# ASSIGNMENT:
Word for word, copy the lines from the one with "Risque orageux en" to the last line of the data below, counting both, and keep every picture out.

# INFORMATION PROVIDED:
┄┄┄┄┄┄┄┄┄┄

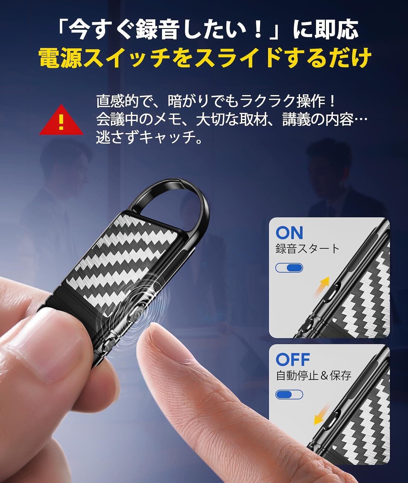 【超軽量コンパクト設計】レコーダーは超小型設計で、ボイスレコーダー本体にはフックとキーホルダーがそれぞれ1つずつ付いており、リュックサック、鍵、携帯電話などに自由に掛けられるので、携帯に便利です。カーボン繊維調の外観で、おしゃれで高級感があり、手触りも良いです。コンパクトで軽量なので、ポケットやバッグにさっと入れられます。フックリングのデザインにより、録音が必要な時に簡単に取り出して使用できます
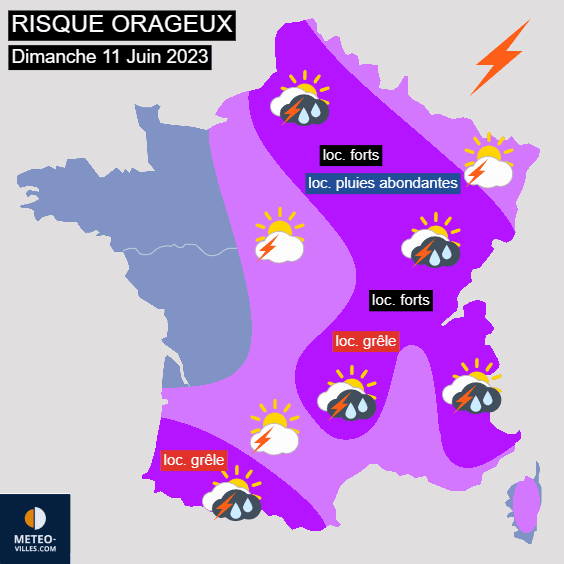 Risque orageux en France pour le dimanche 11 juin 2023 - Météo Villes
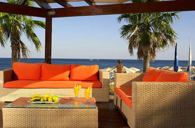 ежедневные бесплатные услуги, начиная со второго дня, включая канапе, Узо с греческими таппами, выбор свежих пирогов, клубнику с шоколадом с карамелью и игристым вином Cair,

┄┄┄┄┄┄┄┄┄┄

# OUTPUT OF THE TASK:
 Risque orageux en France pour le dimanche 11 juin 2023 - Météo Villes
 ежедневные бесплатные услуги, начиная со второго дня, включая канапе, Узо с греческими таппами, выбор свежих пирогов, клубнику с шоколадом с карамелью и игристым вином Cair,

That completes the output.